### Data records
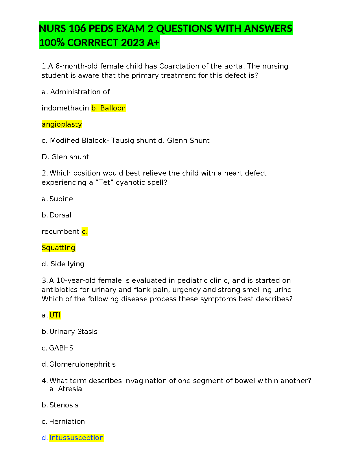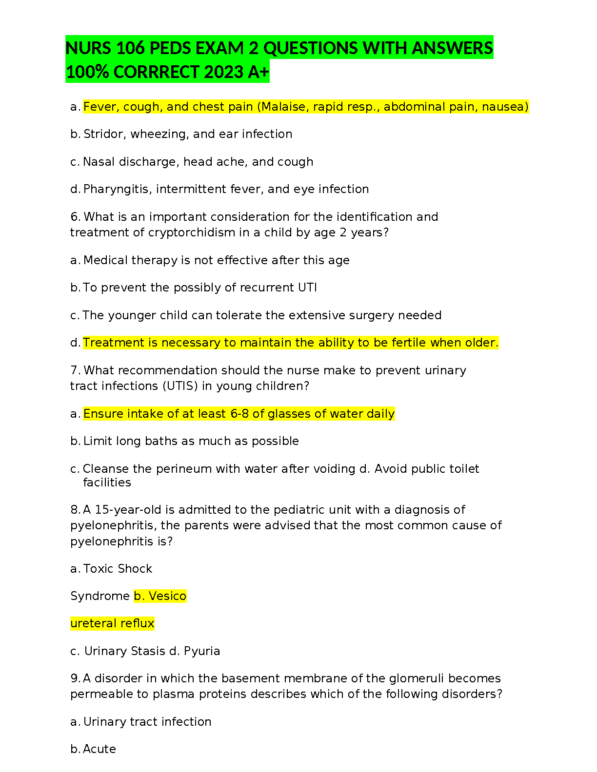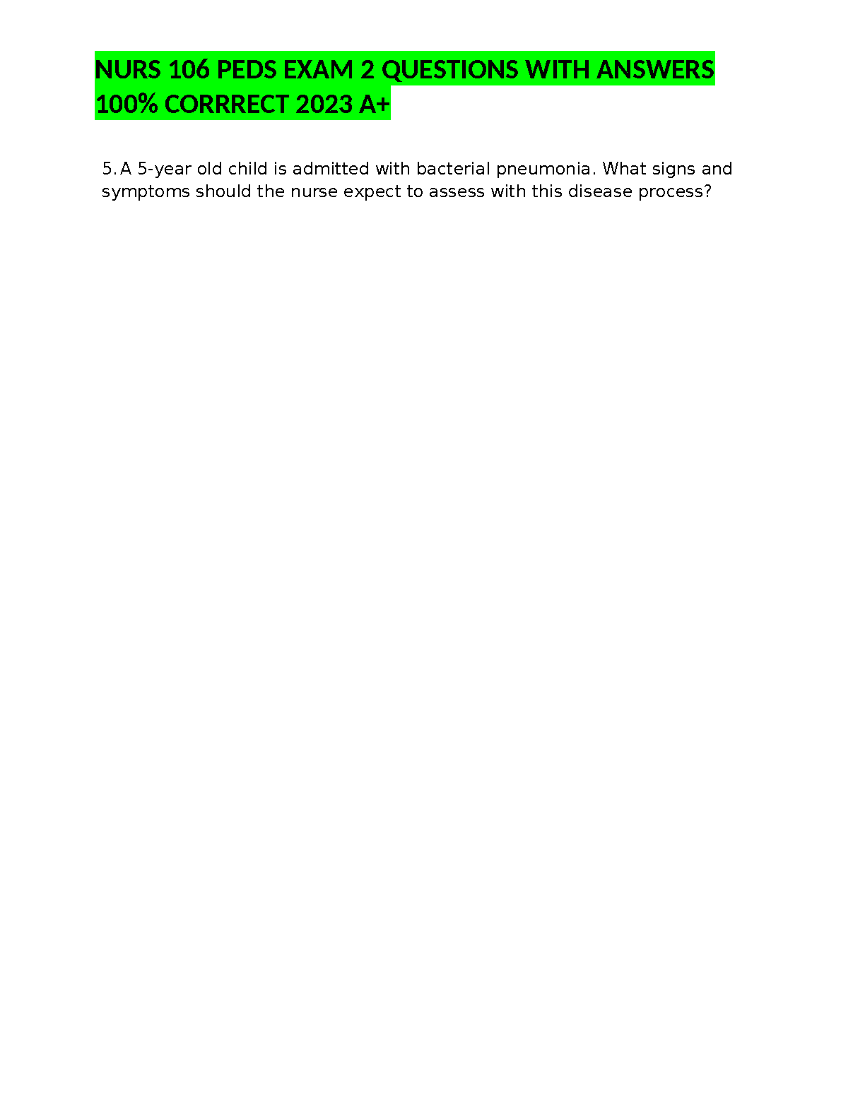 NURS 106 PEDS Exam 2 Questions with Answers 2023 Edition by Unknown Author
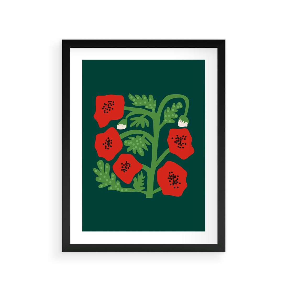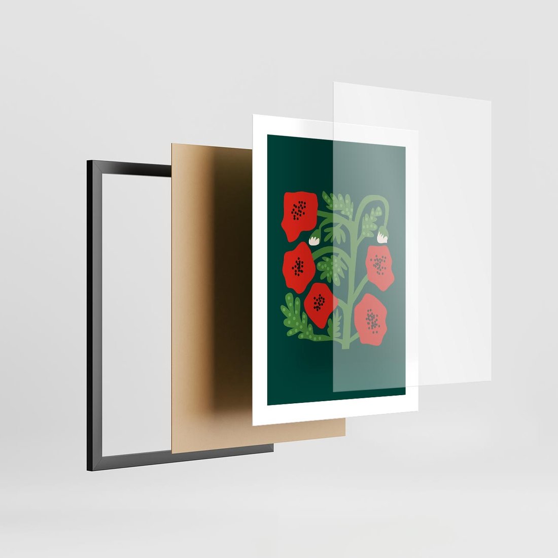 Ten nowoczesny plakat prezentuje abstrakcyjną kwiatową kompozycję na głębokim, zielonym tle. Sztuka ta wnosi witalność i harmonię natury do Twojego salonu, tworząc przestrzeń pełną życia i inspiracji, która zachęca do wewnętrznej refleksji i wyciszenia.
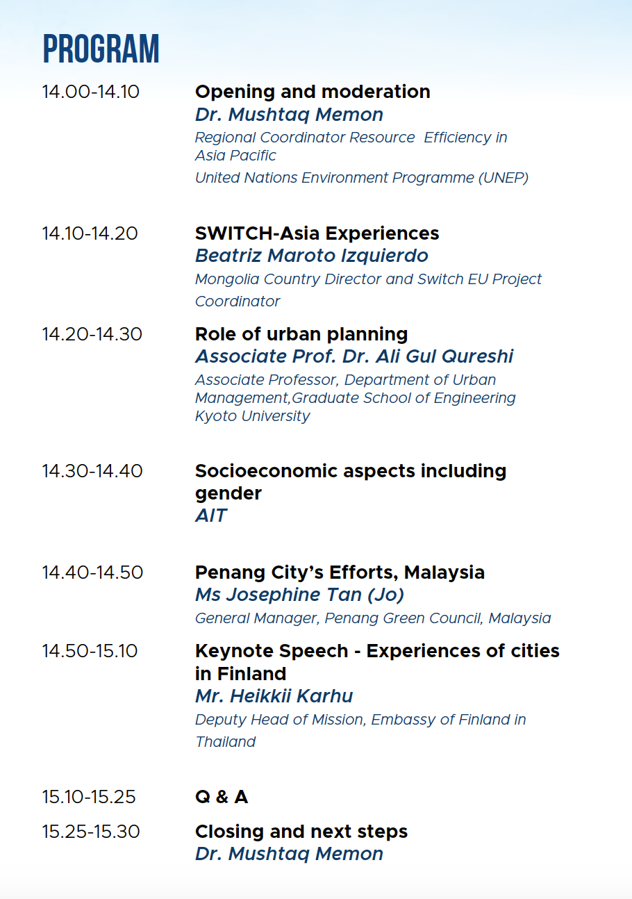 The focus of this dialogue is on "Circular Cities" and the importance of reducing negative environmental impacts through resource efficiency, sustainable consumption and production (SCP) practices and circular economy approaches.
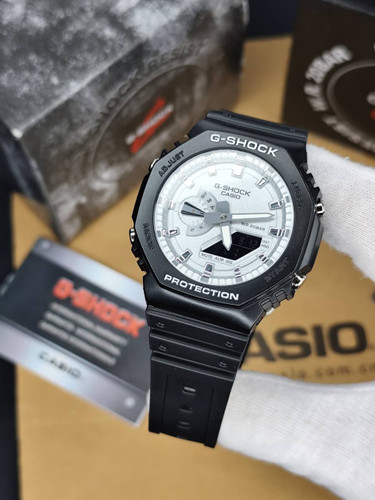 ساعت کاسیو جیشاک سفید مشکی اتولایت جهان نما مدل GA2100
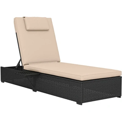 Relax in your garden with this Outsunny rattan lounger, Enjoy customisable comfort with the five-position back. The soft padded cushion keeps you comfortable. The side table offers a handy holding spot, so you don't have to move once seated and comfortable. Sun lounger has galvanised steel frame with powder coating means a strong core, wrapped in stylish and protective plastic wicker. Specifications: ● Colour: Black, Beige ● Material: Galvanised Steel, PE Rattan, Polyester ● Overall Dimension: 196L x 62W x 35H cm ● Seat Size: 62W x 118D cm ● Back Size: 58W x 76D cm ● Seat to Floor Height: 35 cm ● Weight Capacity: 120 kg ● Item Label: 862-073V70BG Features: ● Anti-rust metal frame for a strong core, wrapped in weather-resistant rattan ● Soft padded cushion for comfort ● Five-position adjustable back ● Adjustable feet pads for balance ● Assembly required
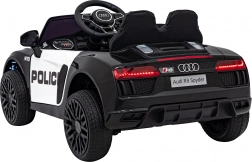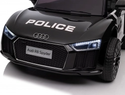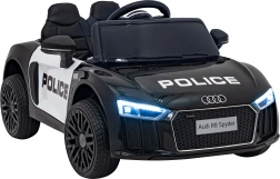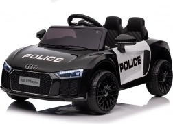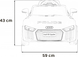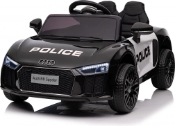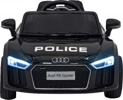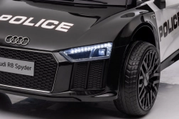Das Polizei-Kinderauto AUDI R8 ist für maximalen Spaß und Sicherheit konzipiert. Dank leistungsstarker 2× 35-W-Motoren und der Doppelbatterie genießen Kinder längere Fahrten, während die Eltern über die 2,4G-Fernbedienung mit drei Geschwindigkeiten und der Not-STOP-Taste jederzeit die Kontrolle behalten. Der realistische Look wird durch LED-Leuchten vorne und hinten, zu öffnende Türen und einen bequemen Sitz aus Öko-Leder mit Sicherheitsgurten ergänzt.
######
(Work to be completed): Your copy of the entries should be exact and free of pictures.

(Written solution):
 NURS 106 PEDS Exam 2 Questions with Answers 2023 Edition by Unknown Author
 Ten nowoczesny plakat prezentuje abstrakcyjną kwiatową kompozycję na głębokim, zielonym tle. Sztuka ta wnosi witalność i harmonię natury do Twojego salonu, tworząc przestrzeń pełną życia i inspiracji, która zachęca do wewnętrznej refleksji i wyciszenia.
 The focus of this dialogue is on "Circular Cities" and the importance of reducing negative environmental impacts through resource efficiency, sustainable consumption and production (SCP) practices and circular economy approaches.
 ساعت کاسیو جیشاک سفید مشکی اتولایت جهان نما مدل GA2100
 Relax in your garden with this Outsunny rattan lounger, Enjoy customisable comfort with the five-position back. The soft padded cushion keeps you comfortable. The side table offers a handy holding spot, so you don't have to move once seated and comfortable. Sun lounger has galvanised steel frame with powder coating means a strong core, wrapped in stylish and protective plastic wicker. Specifications: ● Colour: Black, Beige ● Material: Galvanised Steel, PE Rattan, Polyester ● Overall Dimension: 196L x 62W x 35H cm ● Seat Size: 62W x 118D cm ● Back Size: 58W x 76D cm ● Seat to Floor Height: 35 cm ● Weight Capacity: 120 kg ● Item Label: 862-073V70BG Features: ● Anti-rust metal frame for a strong core, wrapped in weather-resistant rattan ● Soft padded cushion for comfort ● Five-position adjustable back ● Adjustable feet pads for balance ● Assembly required
Das Polizei-Kinderauto AUDI R8 ist für maximalen Spaß und Sicherheit konzipiert. Dank leistungsstarker 2× 35-W-Motoren und der Doppelbatterie genießen Kinder längere Fahrten, während die Eltern über die 2,4G-Fernbedienung mit drei Geschwindigkeiten und der Not-STOP-Taste jederzeit die Kontrolle behalten. Der realistische Look wird durch LED-Leuchten vorne und hinten, zu öffnende Türen und einen bequemen Sitz aus Öko-Leder mit Sicherheitsgurten ergänzt.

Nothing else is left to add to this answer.